The suspicious imaging findings by contrast-enhanced chest/abdomen/pelvis CT or whole-body PET/CT in the other 60 patients were proven to be benign by surgery, biopsy, endoscopy, follow-up imaging, or additional imaging. Therefore, the contrast-enhanced chest/abdomen/pelvis CT or whole-body PET/CT resulted in a false-referral rate of 5.8% (60 of 1043; 95% CI, 4.4–7.3%). The detection of these false-positive findings resulted in biopsy (n = 19), follow-up imaging (n = 14), additional imaging (n = 10), additional imaging/endoscopy and biopsy (n = 8), endoscopy (n = 5 [esophagogastroduodenoscopy, colonoscopy, and cystoscopy]), and surgery (n = 4 [polypectomy, tonsillectomy or lymph node excision]).

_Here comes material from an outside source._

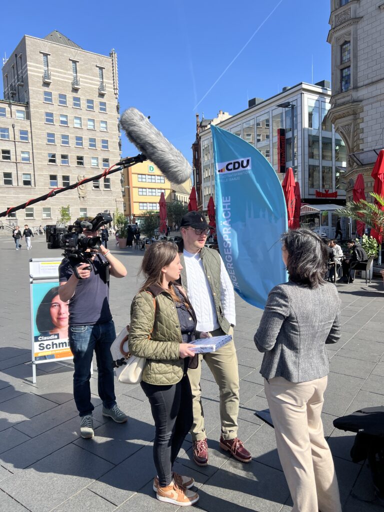 Begleitet wurde der Infostand auch von einem Kamerateam des MDR, das sich ebenfalls mit dem Thema Verkehrsentwicklung in Halle beschäftigt. Der Beitrag wird voraussichtlich am kommenden Dienstag in der Sendung „MDR Umschau“ ausgestrahlt.

Detection Rates in the Multiple Subgroups and Other Outcomes

In patients >61 years of age, the detection rate was 4.0% (21 of 524; 95% CI, 2.5–6.1%) and the false-referral rate was 5.2% (27 of 524; 95% CI, 3.4–7.4%). In patients ≤61 years old, the detection rate was 1.2% (6 of 519; 95% CI, 0.4–2.5%) and the false-referral rate was 6.4% (33 of 519; 95% CI, 4.4–8.8%). There was no statistical difference in false-referral rate (P = .407). In patients with EBV-positive DLBCL, the detection rate was 8.3% (3 of 36; 95% CI 1.8–22.5%). In patients with EBV-negative DLBCL, the detection rate was 2.7% (16 of 594; 95% CI, 1.6–4.3%). The proportion of malignancy other than extracranial lymphoma detected by whole-body PET/CT was 1.5% (13 of 854; 95% CI, 0.8–2.6%). Types of malignancy were lung cancer (n = 5), thyroid cancer (n = 4), breast cancer (n = 1), rectal cancer (n = 1), neuroendocrine carcinoma (n = 1), and duodenal GIST (n = 1).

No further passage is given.